◆ YOUR TASK ◆
The reply must repeat the listing below exactly and carry none of its pictures.

◆ THE DATA ◆

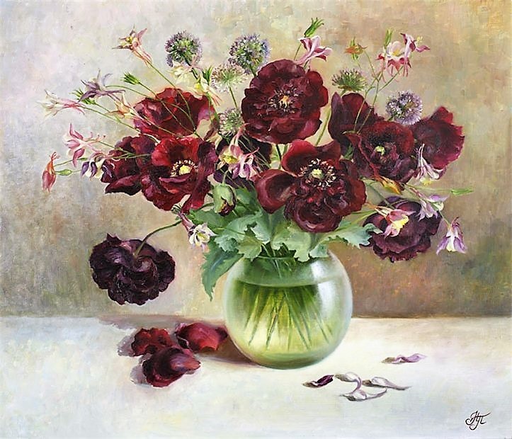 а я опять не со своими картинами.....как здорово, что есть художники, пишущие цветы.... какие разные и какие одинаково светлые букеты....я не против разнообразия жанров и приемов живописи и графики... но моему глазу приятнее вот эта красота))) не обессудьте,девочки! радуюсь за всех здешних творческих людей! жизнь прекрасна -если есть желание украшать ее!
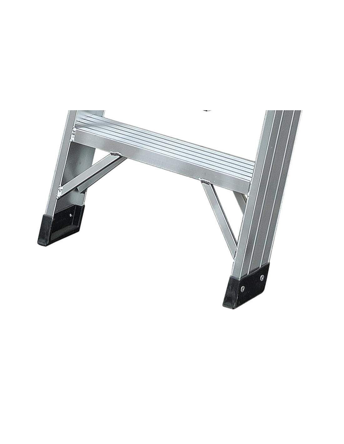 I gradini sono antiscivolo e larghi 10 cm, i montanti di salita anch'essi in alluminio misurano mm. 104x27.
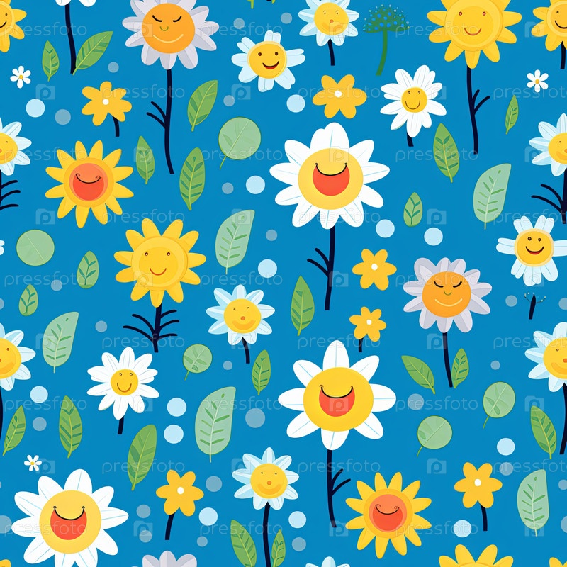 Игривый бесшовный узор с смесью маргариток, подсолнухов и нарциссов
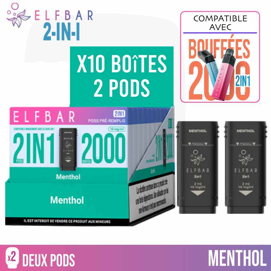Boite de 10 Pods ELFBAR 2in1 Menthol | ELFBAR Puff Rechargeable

◆ TASK SOLUTION ◆
 а я опять не со своими картинами.....как здорово, что есть художники, пишущие цветы.... какие разные и какие одинаково светлые букеты....я не против разнообразия жанров и приемов живописи и графики... но моему глазу приятнее вот эта красота))) не обессудьте,девочки! радуюсь за всех здешних творческих людей! жизнь прекрасна -если есть желание украшать ее!
 I gradini sono antiscivolo e larghi 10 cm, i montanti di salita anch'essi in alluminio misurano mm. 104x27.
 Игривый бесшовный узор с смесью маргариток, подсолнухов и нарциссов
Boite de 10 Pods ELFBAR 2in1 Menthol | ELFBAR Puff Rechargeable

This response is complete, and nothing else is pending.